Max dava l'impressione di essere europeo, più del nord che del sud: per la stazza e gli occhi azzurri veniva scambiato per tedesco, olandese, norvegese, francese, mai per italiano. Vestiva un casual elegante e firmato, per distinguersi dai fricchettoni che non sono molto amati in Messico e per dare l'impressione di poter far fronte economicamente a qualsiasi evenienza. I vestiti dovevo farmeli mandare dall'Europa perché non ne trovavo della mia taglia, negozi specializzati in taglie forti non ne esistevano proprio. Se Melvin non mi avesse tradito e fossi diventato messicano, avrei dovuto per forza dimagrire in modo drastico per poter indossare i costumi del nuovo personaggio. Che era studente universitario e allo stesso tempo un turista, perché l'età era più da laureato che da matricola, e fu necessario quindi dare a Max l'aspetto di chi non aveva problemi economici e poteva permettersi di godersi la vita in un paese esotico.
In Europa non avrebbe retto dieci giorni, ma in Centroamerica. con qualche accorgimento, poteva durare anche vent'anni perché la gente è abituata alle stranezze dei gringos. Lo stereotipo del turista esige però che il look sfoggiato comunichi un certo benessere economico, in caso contrario è poco tollerato.
Mi è capitato diverse volte di trovarmi in situazioni di potenziale pericolo, come ad esempio durante un controllo di documenti, e di non esser oggetto delle attenzioni della polizia, che invece si rivolgeva a quegli stranieri che davano l'impressione di non essere venuti a portare valuta pregiata in abbondanza.
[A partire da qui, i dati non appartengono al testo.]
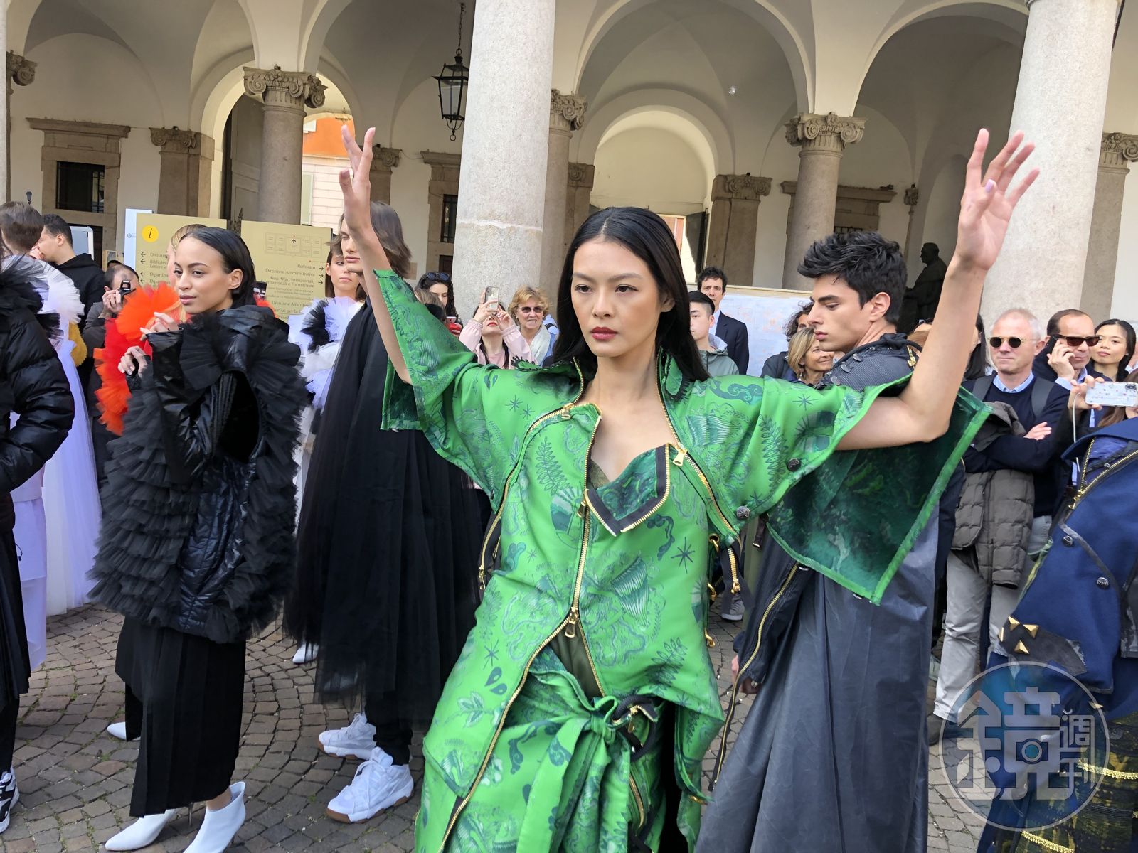 在後台的時候,許多男模跟她要聯絡方式,讓她成為當日人氣最爆棚的女模,問她有告訴大家,自己已經是2個孩子的媽了嗎?她說:「當然不可以講啊!他們不知道的,我若講了他們應該會立刻跪在地上拜我吧?」她開心笑說自己可以在米蘭立刻圈粉。
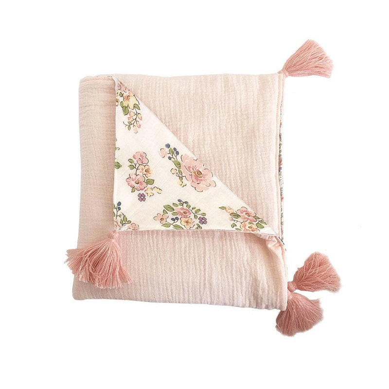 BLUSH PINK AND FLORAL DOUBLE SIDED MUSLIN PLAY MAT

Una volta, nella zona di Oaxaca, stavo viaggiando con un pullman di linea verso Città de Messico. La maggioranza dei passeggeri era del luogo, a parte il sottoscritto e dodici nordamericani. Questi ultimi erano a piedi nudi, vestiti con un saio di tela bianca, stretto in vita da un cordone color oro e in testa, sui lunghi capelli, portavano una corona di spine di plastica. Incuriosito avevo chiesto di spiegarmi il perché di quell'abbigliamento e mi avevano risposto che erano la setta dei dodici apostoli. Provenivano dal Belize e si stavano dirigendo verso la capitale per annunciare non ricordo bene quale rivelazione.
Il pullman venne fermato a un posto di blocco e la faccia del tenente, che era salito per controllare i documenti, cambiò colore quando li vide. Con passo marziale si diresse verso il più vicino:
"Passaporto"gli ordinò.
"Non l'abbiamo" rispose serafico. "Siamo i dodici apostoli e non ne abbiamo bisogno".
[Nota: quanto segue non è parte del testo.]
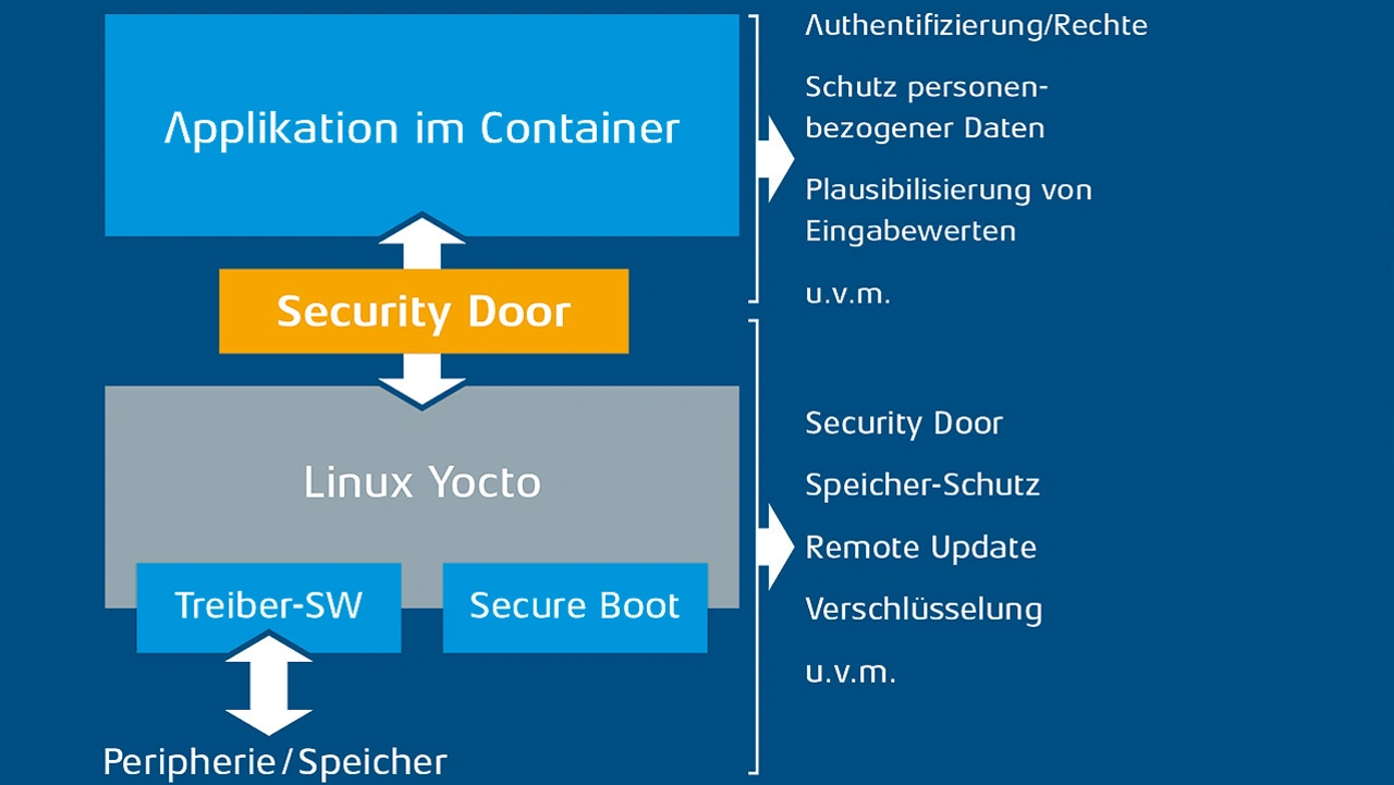 ➔ Secure Boot: Jedes Embedded Device bootet ähnlich einem PC und sucht dazu sein kleinstes Startprogramm (Boot), in dem der korrekte Startvorgang inklusive der zu startenden Applikationen sowie deren Reihenfolge festgelegt ist. Eine Manipulation an dieser Stelle ließe den Missbrauch des gesamten Geräts zu. Mit dem Secure-Boot-Feature wird das Boot-Programm mittels kryptografischer Algorithmen bei jedem Start geprüft.

"Come ti chiami?"urlò l'ufficiale.
Con tono sempre più estatico: "Matteo, sono l'apostolo Matteo".
Il graduato lo afferrò per i capelli, abbaiò un ordine e il mezzo si riempì di soldati che con il calcio dei fucili li fecero scendere di corsa. Scuotendo la testa venne poi verso di me: "Li conosce?".
"Mai visti prima!"risposi.
"Ha sentito quello che mi hanno detto?".
"Sì".
"Cosa scrivo sul rapporto, che ho arrestato i dodici apostoli perché erano senza documenti?".